EXERCISE OBJECTIVE:
Please begin with the line containing "On Friday 27th" and reproduce each line exactly until the records below end, without any pictures.
╔══
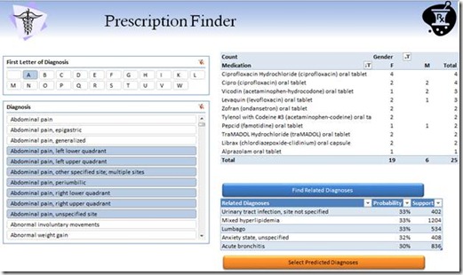 The application dubbed “Prescription Finder” uses historical medical data to allow a physician to display the top 10 medications prescribed for any particular medical diagnosis or set of diagnoses through a simple and effective Excel-based user interface.  Going one step further, it allows the physician to explore possible contraindications by using predictive analytics to suggest related conditions that a patient may have so the physician can make the best choice for their patient.
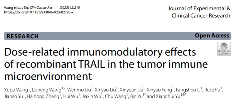艾滋病疫苗国家工程实验室于湘晖、于彬团队报道了重组TRAIL在TME中扮演着剂量依赖的双向免疫调节作用,并详细阐释了作用机制。同时探讨了癌症治疗中重组TRAIL增强抗肿瘤免疫和抗肿瘤效应的潜在策略。研究论文“Dose-related immunomodulatory effects of recombinant TRAIL in the tumor immune microenvironment”发表在国际学术期刊《Journal of Experimental & Clinical Cancer Research》(影响因子11.3,中科院分区一区)上。论文第一完成单位为楠楠漫画
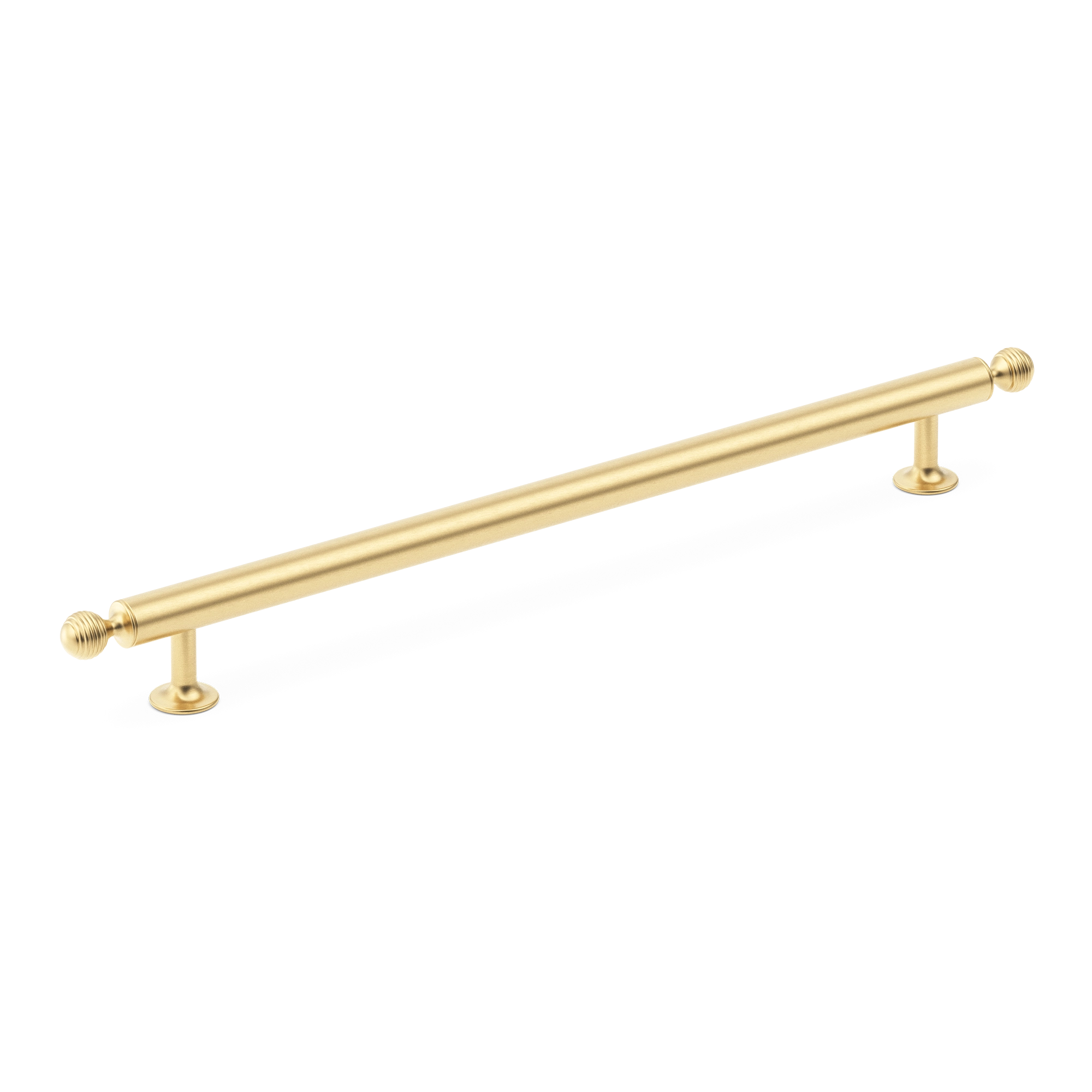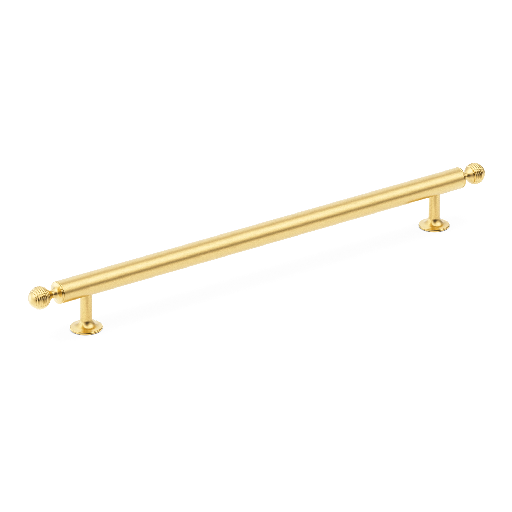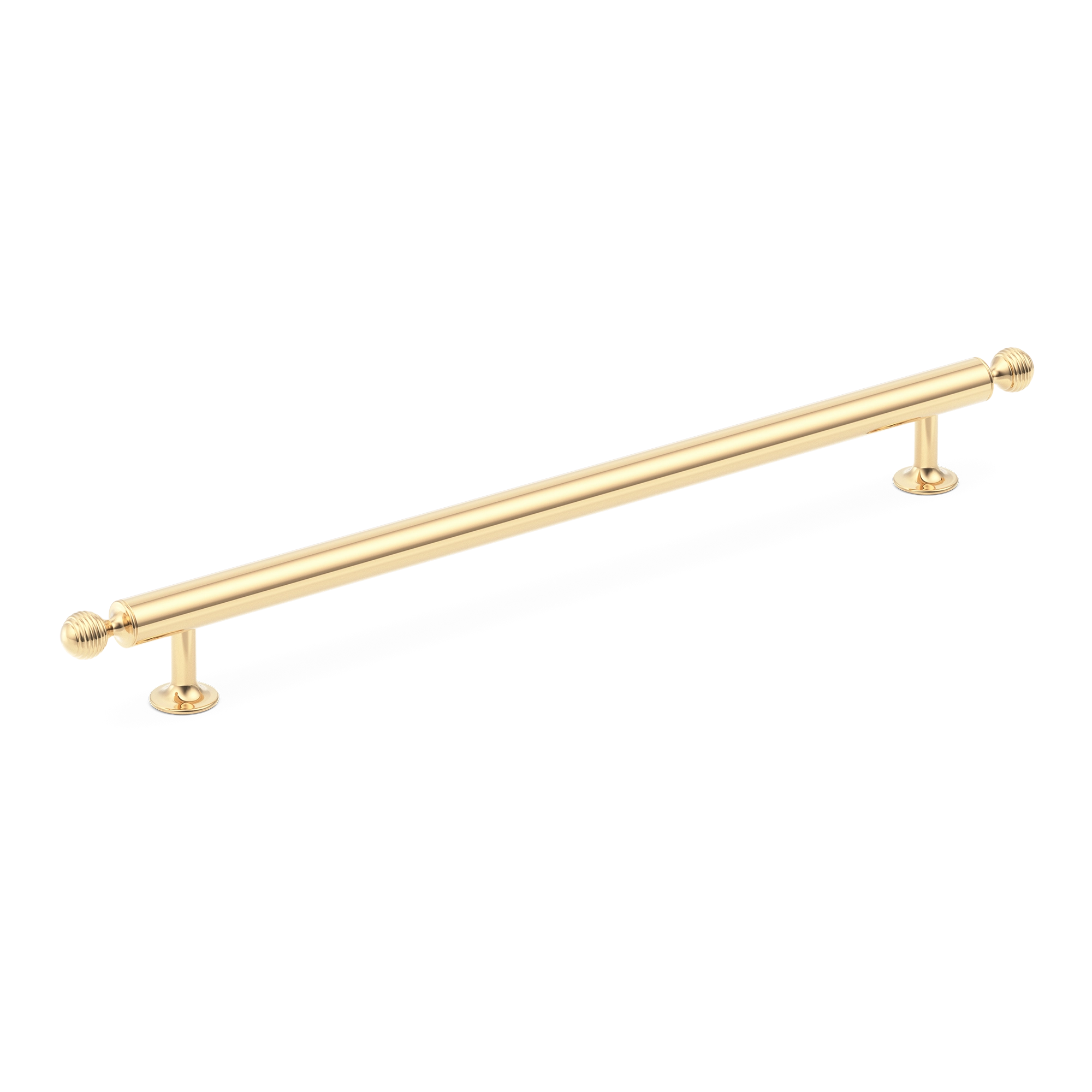 This cabinet/drawer pull is a high – quality metal appliance pull. It features a long, horizontal cylindrical bar with knurled end caps and vertical mounting stanchions. It is designed to add a decorative touch while being highly functional for pulling open drawers, cabinets, or doors in various settings like kitchens and bathrooms.
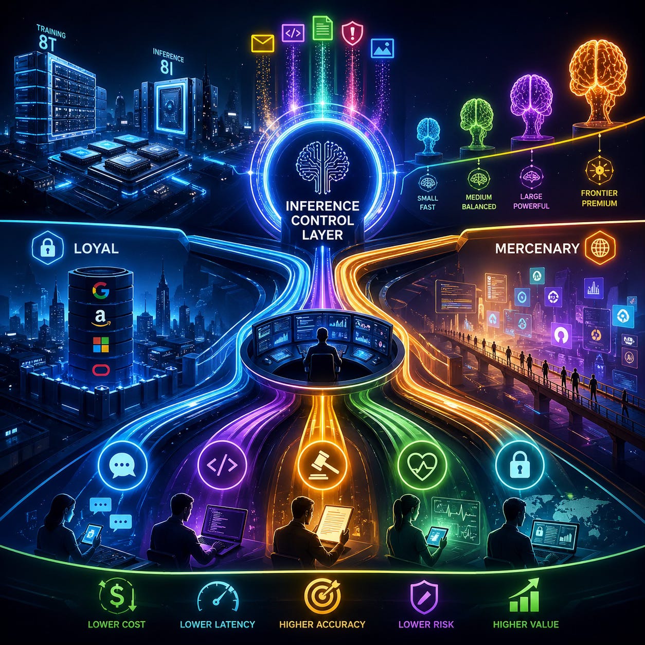 Inference without routing behaves as a commodity. Routing with feedback behaves as a control system. The unresolved question is whether routing consolidates inside hyperscaler stacks (Loyal architectures) or emerges as an independent control layer (Mercenary architectures). The answer determines where margin lands across the AI stack through 2028.
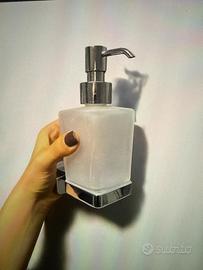 • Dispenser sapone in vetro satinato con supporto cromato
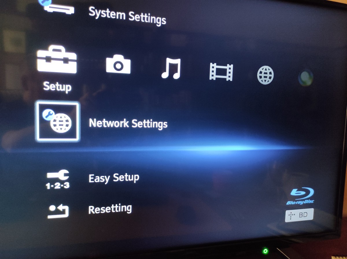 First, find your player's Settings menu, and within that, the Network Settings option:
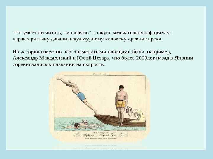 • Еще до нашей эры в Древней Греции плавание использовалось как одно из важнейших средств воспитания молодежи. Об этом свидетельствует один из учебников по истории военного искусства: «В Афинах большое внимание уделялось умственному и физическому развитию. Одинаково считались «хромым» (калекой) как не умеющего читать, так и не умеющего плавать» . Об этом же свидетельствует и известное высказывание древнегреческого историка и философа Платона: «Можно ли людям, которые являются противоположностью мудрого, …плавать и читать не умеют, вверить службу? »
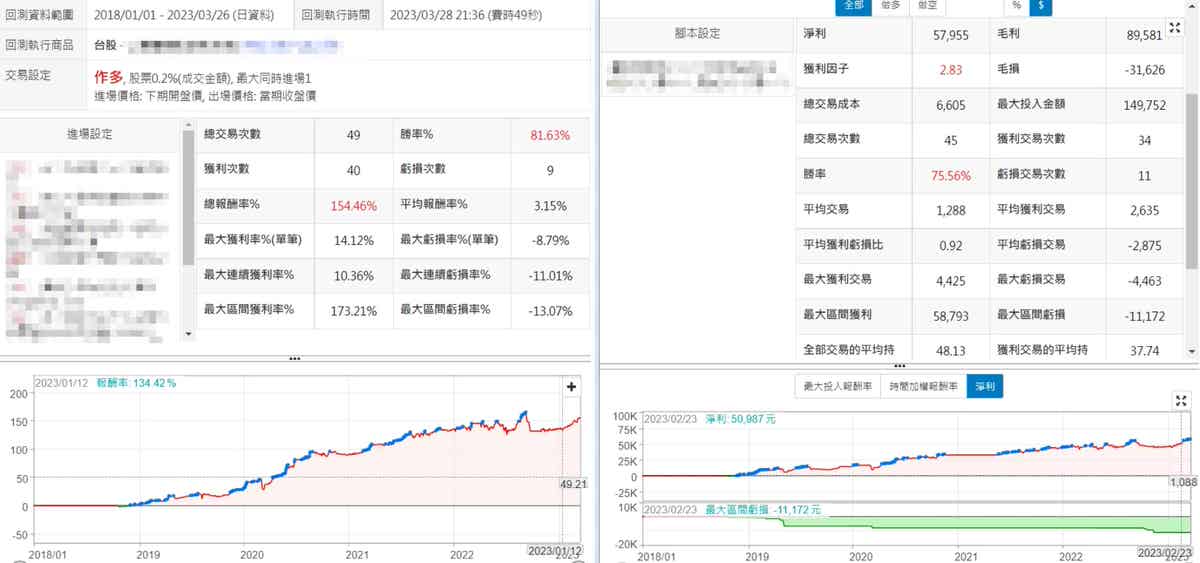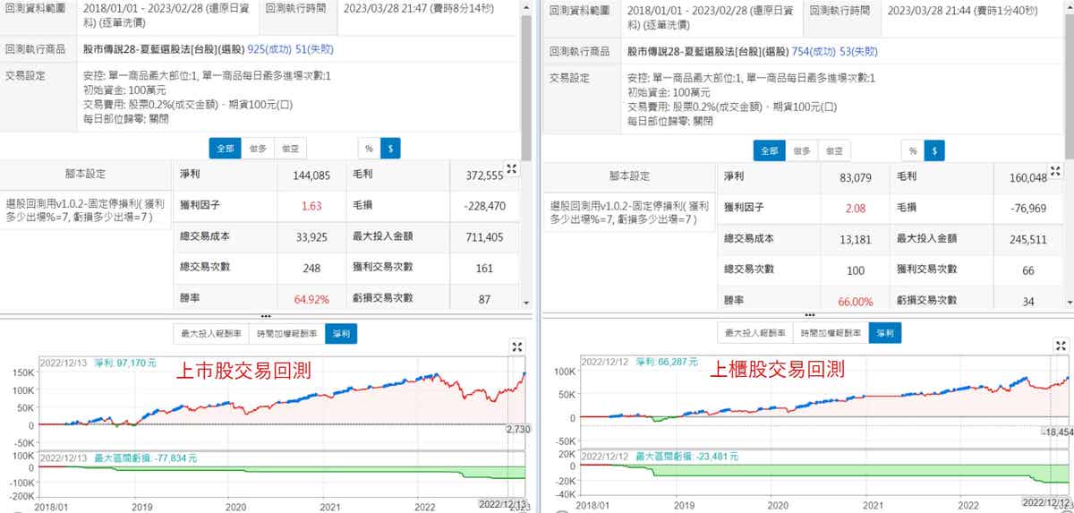 把上面兩個條件用交易來做回測,兩個回測在淨利上的表現都是一直在創高,雖然採用上市股這組的回測,在2022年的回檔較大,但是到今年三月也已經創新高,和上櫃股這組的回測表現又更好,2022年幾乎是到了10月份才開始有較大的虧損,石一樣的到今年3月已經在創高了
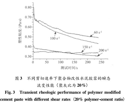 2. 3 剪切速率對(duì)聚合物改性水泥膠漿瞬態(tài)流變性能的影響
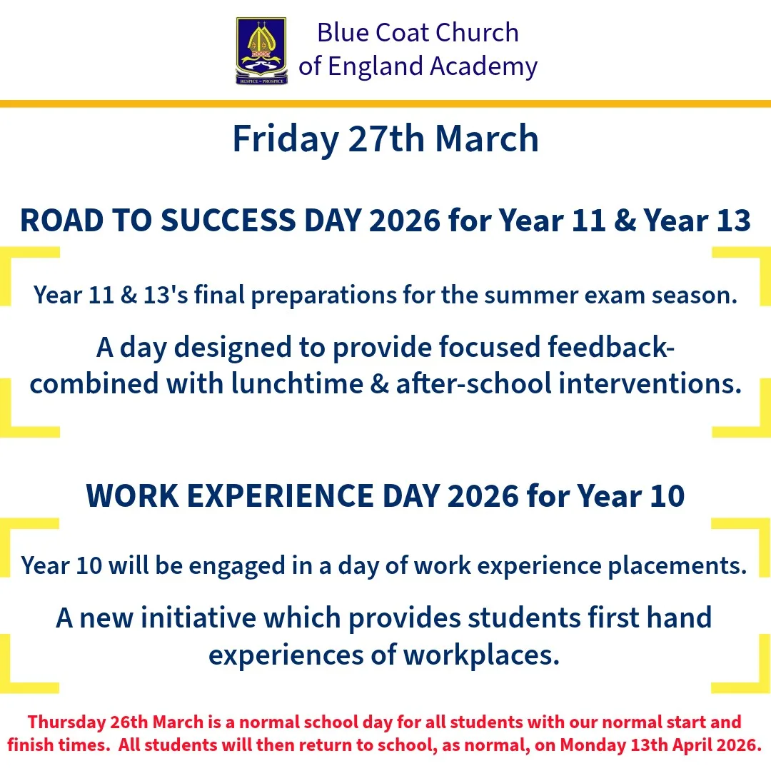 On Friday 27th March 2026, we will be operating different arrangements for years 10, 11 and 13:
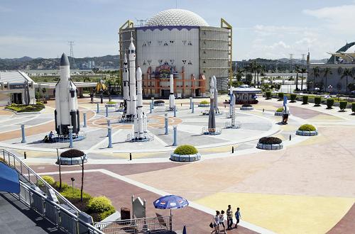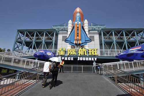 藍水星樂園以航空航天技術為主題的“太空世界”景點(7月10日攝)。(郭海 攝)
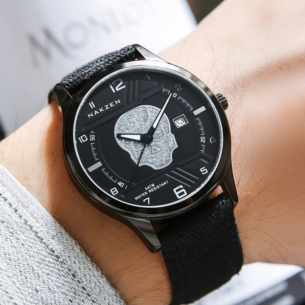 NAKZEN 2019 New Mens Watches Top Brand Luxury Fashion Skull Quartz Watch Waterproof Leather strap Luminous relogio masculino
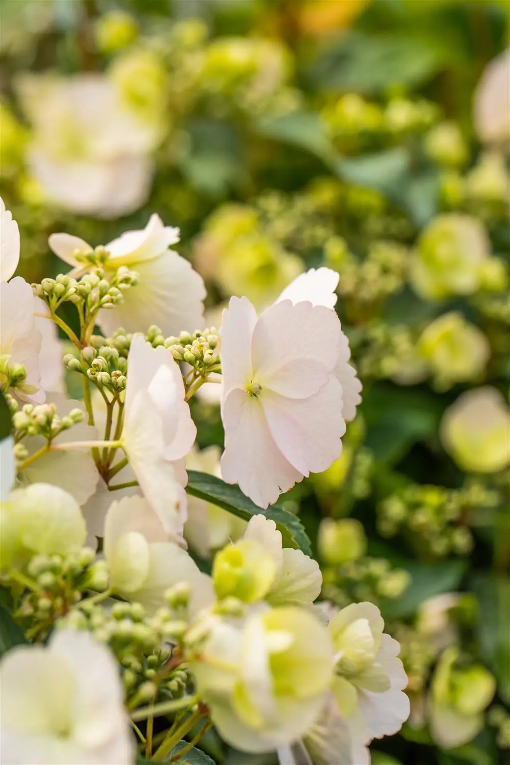 Common hydrangea 'Runaway Bride'® is a bushy and upright growing small shrub. It usually reaches a height of 50 - 60 cm and is approx. 0.8 - 1 m wide. It usually grows 15 - 50 cm per year.
╚══
TASK SOLUTION:
 On Friday 27th March 2026, we will be operating different arrangements for years 10, 11 and 13:
 藍水星樂園以航空航天技術為主題的“太空世界”景點(7月10日攝)。(郭海 攝)
 NAKZEN 2019 New Mens Watches Top Brand Luxury Fashion Skull Quartz Watch Waterproof Leather strap Luminous relogio masculino
 Common hydrangea 'Runaway Bride'® is a bushy and upright growing small shrub. It usually reaches a height of 50 - 60 cm and is approx. 0.8 - 1 m wide. It usually grows 15 - 50 cm per year.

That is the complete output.